Based on the forward stepwise logistic regression, we established a combined model, in which the accuracy was usually assessed by discrimination, calibration, and clinical applicability [39, 40]. According to its AUC (AUC = 0.832), this model presented a better efficacy in the discrimination of AR status. Cross-validation and Bootstrap have proved to be used for the predictive performance of a small sample [41]. Furthermore, using the above methods for internal validation, we finally obtained a very stable value of AUC (AUC = 0.833). Some studies have proved that the c-index, with its 95% CI, can provide a more comprehensive assessment of calibration [42, 43]. Combined with the p-value of the H-L test, our model showed a higher capacity for stability [44]. DCA can be used to map the utility of a net benefit assessment model in decision-making within a clinically reasonable risk threshold [45]. The DCA curve of this study visualized that the diagnostic model achieved better net benefit than the all-intervention or no-intervention strategy within a larger threshold range, further proving the excellent clinical applicability of this model.

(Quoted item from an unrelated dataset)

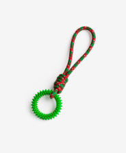 Igračka za pse – tegljač sa prstenom kombinuje pleteni konopac i fleksibilan prsten. Struktura prstena podstiče hvatanje i žvakanje, dok je omča na drugoj strani savršena za tegljanje. Raznovrsnost oblika čini igru zanimljivijom, a tegljač savršeno angažuje psa i kod kuće i u šetnjama. Zahvaljujući njemu, svakodnevne aktivnosti dobijaju praznični karakter.
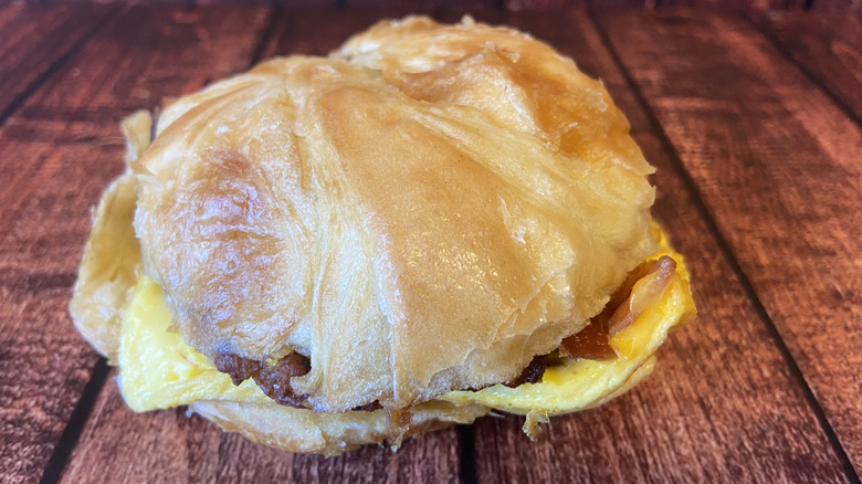 1. Sausage, egg, and cheese croissant breakfast sandwich

To the best of our knowledge, we originally established a combined model to predict AR expression based on 18F-FDG PET/CT imaging. There were some limitations in our present study due to the single-center and retrospective design. Next, due to the novelty of the molecular receptor detection of AR, the number of patients included in this study was relatively small. Thirdly, except for internal validation, the resulting model needed to be validated with an external cohort to improve the confidence of clinical applicability. Lastly, a classical supervised classification algorithm should be used to construct a prediction model, and deep learning-based features from PET/CT images need to be verified in further studies.

Conclusions

In conclusion, by combining clinicopathological factors and radiomic features extracted from 18F-FDG PET/CT images, we established a model to predict AR expression in BC patients with a single primary lesion. Our model could serve as a novel strategy to select patients who could benefit from anti-AR treatment and to assist clinicians in making clinical decisions.